In environments where you are not able to take full advantage of the FlexGroup cache, but still require rapid cross-volume cloning, consider using vVols. Cross-volume cloning with vVols is much faster than using traditional datastores, and does not rely on a cache.
QoS settings
Configuring QoS at the FlexGroup level using ONTAP System Manager or the cluster shell is supported, however it does not provide VM awareness or vCenter integration.
QoS (max/min IOPS) can be set on individual VMs or on all VMs in a datastore at that time in the vCenter UI or via REST APIs by using ONTAP tools. Setting QoS on all VMs replaces any separate per-VM settings. Settings do not extend to new or migrated VMs in the future; either set QoS on the new VMs or re-apply QoS to all VMs in the datastore.
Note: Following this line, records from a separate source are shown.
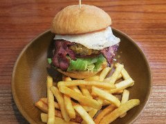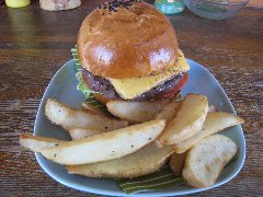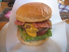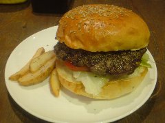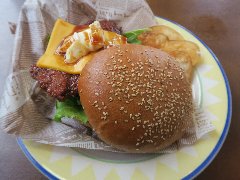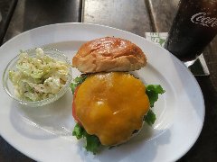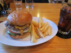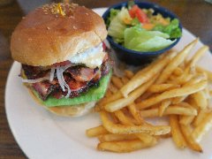 ヒーローズ | ハンバーガー | 福島県耶麻郡猪苗代町字上村前 | ★ (2015.5.2) | 普通 | ![]() | 猪苗代駅から2.6kmほど、県道7号沿いにあります。お店の後ろには磐梯山がそびえ、前は開けていて広大な畑の向こうには猪苗代湖が見えます。青の三角屋根、玄関の上には、ハーレーのようなロゴマークが付いていて、BIKECUSTOM-HIROと書かれています、アメリカンバイクのショップも併設しているようです。店内は、テーブルが多数、外向きのカウンターからは景色がいいです。ハーレーも置かれています。外のオープンデッキにもテーブルが置かれています。チーズバーガー(680円)+エッグ(108円)、ドリンクセット(302円)を注文しました。レタス、トマト、玉ねぎ、目玉焼き、パティがサンドされていました。パティは粗引きです。手作りのバンズはかなり大きめです。他には、USバーガー、メガヒーローバーガー、桜肉(馬肉)のパティを8枚重ねた八重のさくらバーガーなどがありました。 |
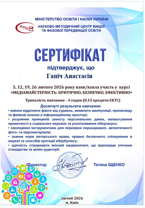 - Основи медіагігієни та вплив інформаційного потоку на свідомість
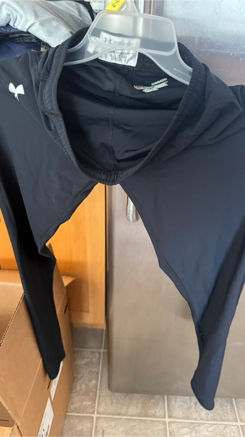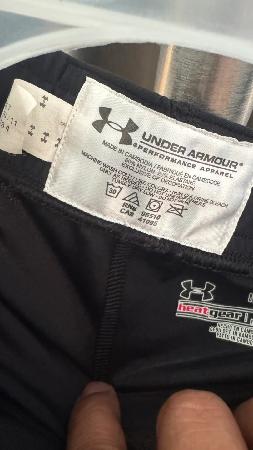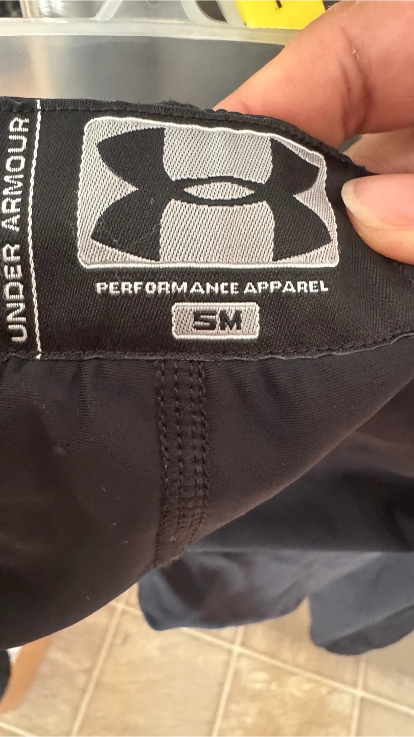 Selling a pair of Under Armour leggings in black. They are a size small and made from a blend of 80% nylon and 20% elastane. Great for workouts or everyday wear!
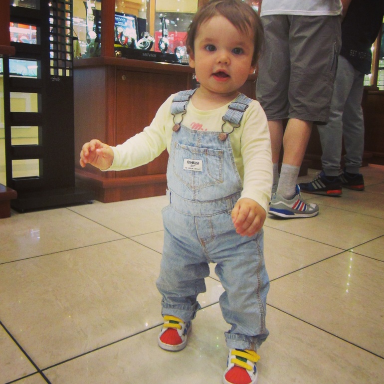 Начала ходить в 9,5 месяцев, сама, до этого рано начала вставать без опоры, за руки не ходила, ходунки не воспринимала....такая самостоятельная мадам! Настины куколки ей побоку, а вот коробочки,стаканчики и бытовая утварь-любимые игрушки! Это все обязательно надо полизать,погрызть,разорвать,одним словом- балавнюка))...и попробуй не дай, будет рычать и всеми способами высказывать недовольство! Но тем не менее, она безумно сладкая девочка, её обожают все,одна улыбка чего стоит!
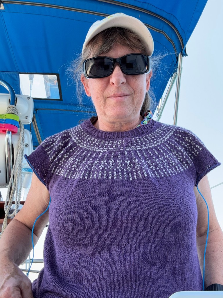 About 5 o’clock I went back to the boat and listen to the second rock band, which was better than the first band. I started knitting on my quilt top again, working on the body ribbing at the bottom. they have a Picot bind off and I was able to get that part done.  Next is to finish the sleeves, which I’ll do the picot bind off on. Then wash and block and wear.
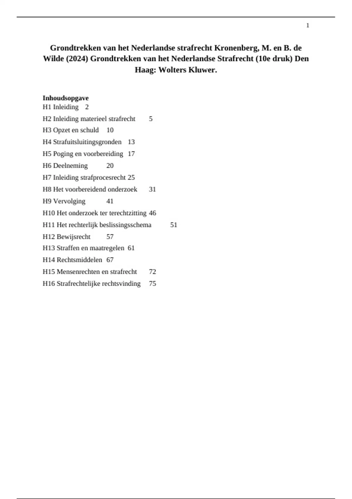 Wilde (2024) Grondtrekken van het Nederlandse Strafrecht (10e druk) Den
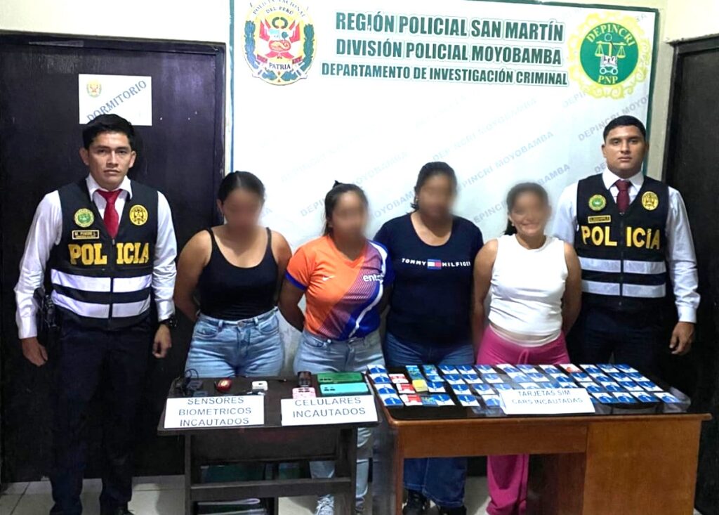 Durante el operativo, el personal policial intervino en la plaza de armas de Soritor, logrando la detención de Emilsa Flores Maluquis (32), Gisela Flores Maluquis (29), Ketty Paola García Yumbato (32) y Clarissa Maluquis Rojas (29). En la acción se incautaron 97 tarjetas SIM de diferentes operadores, seis lectores biométricos y cinco equipos celulares, presuntamente utilizados para actividades ilícitas.
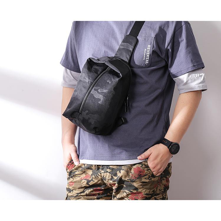 Cool Black Nylon Men's Sling Bag Camouflage Chest Bag Nylon One shoulder Backpack Sports Bag For Men
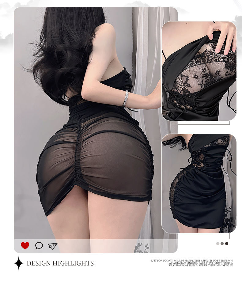 - 蕾絲邊包臀短裙 渾圓翹臀 不經意的抬腿動作
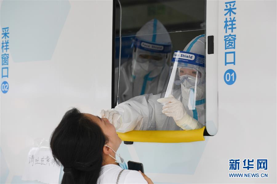 6月28日,在北京市西城區(qū)北京展覽館南側(cè)的露天廣場核酸檢測采樣點(diǎn),核酸檢測采樣車內(nèi)的醫(yī)護(hù)人員為前來做檢測的人員進(jìn)行采樣。新華社記者鞠煥宗攝

Note that VMware vSphere treats all IO for an NFS datastore as a single queue per host, and QoS throttling on one VM can impact performance for other VMs in the same datastore. This is in contrast with vVols which can maintain their QoS policy settings if they migrate to another datastore and do not impact IO of other VMs when throttled.
Metrics
ONTAP 9.8 also added new file-based performance metrics (IOPS, throughput, and latency) for FlexGroup files, and these metrics can be viewed in the ONTAP tools for VMware vSphere dashboard and VM reports. The ONTAP tools for VMware vSphere plug-in also allows you to set Quality of Service (QoS) rules using a combination of maximum and/or minimum IOPS. These can be set across all VMs in a datastore or individually for specific VMs.
Best practices
-
Use ONTAP tools to create FlexGroup datastores to ensure your FlexGroup is created optimally and export policies are configured to match your vSphere environment. However, after creating the FlexGroup volume with ONTAP tools, you will find that all nodes in your vSphere cluster are using a single IP address to mount the datastore. This could result in a bottleneck on the network port. To avoid this problem, unmount the datastore, and then remount it using the standard vSphere datastore wizard using a round-robin DNS name that load balancing across LIFs on the SVM. After remounting, ONTAP tools will again be able to manage the datastore. If ONTAP tools isn't available, use the FlexGroup defaults and create your export policy following the guidelines in datastores and protocols - NFS.
-
When sizing a FlexGroup datastore, keep in mind that the FlexGroup consists of multiple smaller FlexVol volumes that create a larger namespace. As such, size the datastore to be at least 8x (assuming the default 8 constituents) the size of your largest VMDK file plus 10-20% unused headroom to allow for flexibility in rebalancing. For example, if you have a 6TB VMDK in your environment, size the FlexGroup datastore no smaller than 52.8TB (6x8+10%).
-
VMware and NetApp support NFSv4.1 session trunking beginning with ONTAP 9.14.1. Refer to the NetApp NFS 4.1 interoperability matrix notes for specific version details. NFSv3 does not support multiple physical paths to a volume but does support nconnect beginning in vSphere 8.0U2. More information on nconnect can be found at the NFSv3 nConnect feature with NetApp and VMware.
-
Use the NFS Plug-In for VMware VAAI for copy offload. Note that while cloning is enhanced within a FlexGroup datastore, as mentioned previously, ONTAP does not provide significant performance advantages versus ESXi host copy when copying VMs between FlexVol and/or FlexGroup volumes. Therefore consider your cloning workloads when deciding to use VAAI or FlexGroups. Modifying the number of constituent volumes is one way to optimize for FlexGroup-based cloning. As is tuning the cache timeout previously mentioned.
-
Use ONTAP tools for VMware vSphere 9.8 or later to monitor the performance of FlexGroup VMs using ONTAP metrics (dashboard and VM reports), and to manage QoS on individual VMs. These metrics are not currently available through ONTAP commands or APIs.
-
SnapCenter Plug-In for VMware vSphere release 4.4 and later supports backup and recovery of VMs in a FlexGroup datastore on the primary storage system. SCV 4.6 adds SnapMirror support for FlexGroup-based datastores. Using array-based snapshots and replication is the most efficient way to protect your data.